What to Stream: Julia Roberts and Clive Owens' Twisty Spy Romance 'Duplicity'

Duplicity (2009)

The Basics: A delightfully sophisticated caper about two corporate spies (Clive Owen and Julia Roberts) whose romantic past comes to light when they’re employed by rival companies.
If You Liked: Focus, Dirty Rotten Scoundrels, and The Sting

In the new Will Smith film Focus, a seasoned con artist and his protégée (Margot Robbie) fall in love while agonizing over whether to trust one another. That’s not a problem for Ray (Clive Owen) and Claire (Julia Roberts), the protagonists of Tony Gilroy’s oddly neglected 2009 romance Duplicity. During one sexy moment, Claire leans into Ray’s ear and whispers “Admit it — you don’t trust me either.” These two don’t know how to have a normal conversation without working an angle, and that’s what makes the sparks fly.

Strictly speaking, Duplicity might not be a con-artist movie, but it works on the same principles. Two masters of the art of deception, the charming bumbler Ray and the preternaturally cool Claire, join forces to pull one over on the rival pharmaceutical companies that employ them. Both are ex-government spies, and the rub is that they share a romantic past — and possibly, a romantic present. Writer-director Gilroy keeps the audience guessing by leaping back and forth in time throughout the story, an ingenious device that mimics the way the main characters live their lives (always two steps ahead!) and upends the predictability that plagues so many con-artist movies. Duplicity’s big twists are genuine surprises, because viewers are too busy trying to untangle the characters’ pasts to second-guess what’s coming.

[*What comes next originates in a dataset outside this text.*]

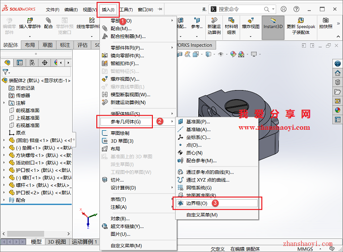 2、将鼠标放到界面左上角的SOLIDWORKS图标处,点击菜单栏中【插入】→【参考几何体】→【边界框(O)】;

What really makes Duplicity sparkle though, is its unexpected setting: corporate espionage. Gilroy is a master at pulling psychological drama from the business world, from his neo-Gothic screenplay for Devil’s Advocate to his much-lauded directorial debut Michael Clayton. In Duplicity, he finds comedy in a corporate culture where the monetary stakes are sky-high, but the actual objects are remarkably petty: a skin cream formula, for example, or a frozen-pizza recipe. Tom Wilkinson and Paul Giamatti play the rival pharmaceutical CEOs who employ entire teams of spies in an effort to find some miniscule flaw in the other’s business. Everything the audience needs to know about their world is revealed in a brilliant, slow-motion title sequence, during which the two CEOs emerge from their respective private jets and proceed to pummel one another on the tarmac.

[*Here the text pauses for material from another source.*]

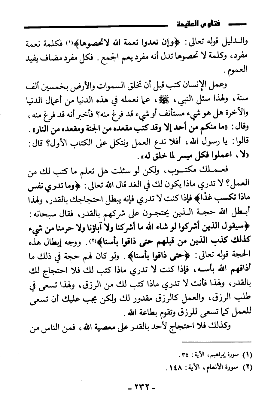 فعملك مكتوب، ولكن لو سئلت هل تعلم ما كتب لك من العمل؟ لا تدري ماذا يكون لك في الغد قال الله تعالى: {وَمَا تَدْرِي نَفْسٌ مَاذَا تَكْسِبُ غَدًا} فإذا كنت لا تدري فإنه يبطل احتجاجك بالقدر، ولهذا أبطل الله حجة الذين يحتجون على شركهم بالقدر، فقال سبحانه: {سَيَقُولُ الَّذِينَ أَشْرَكُوا لَوْ شَاءَ اللَّهُ مَا أَشْرَكْنَا وَلَا آبَاؤُنَا وَلَا حَرَّمْنَا مِنْ شَيْءٍ كَذَلِكَ كَذَّبَ الَّذِينَ مِنْ قَبْلِهِمْ حَتَّى ذَاقُوا بَأْسَنَا} ووجه إبطال هذه الحجة قوله تعالى: {حَتَّى ذَاقُوا بَأْسَنَا} ولو كان لهم حجة في ذلك ما أذاقهم الله بأسه، فإذا كنت لا تدري ماذا كتب لك فلا احتجاج لك بالقدر، ولهذا فأنت لا تدري ماذا كتب لك من الرزق، ولهذا تسعى في طلب الرزق، والعمل كالرزق مقدور لك ولكن يجب عليك أن تسعى للعمل كما تسعى للرزق وتقوم بطاعة الله. وكذلك فلا احتجاج لأحد بالقدر على معصية الله، فمن الناس من

That scene is just one example of the clever, stylish filmmaking that Gilroy employs in Duplicity. Here’s another: There is one conversation in the movie between Ray and Claire that the audience hears repeated four times, and each time, it takes on an entirely different meaning. Maybe that sophistication made Duplicity a tough sell when it released in March 2009, to good reviews and poor box office. That’s a shame, because it’s also fun and sexy — a terrific grown-up movie about the power and danger of lying to each other and ourselves.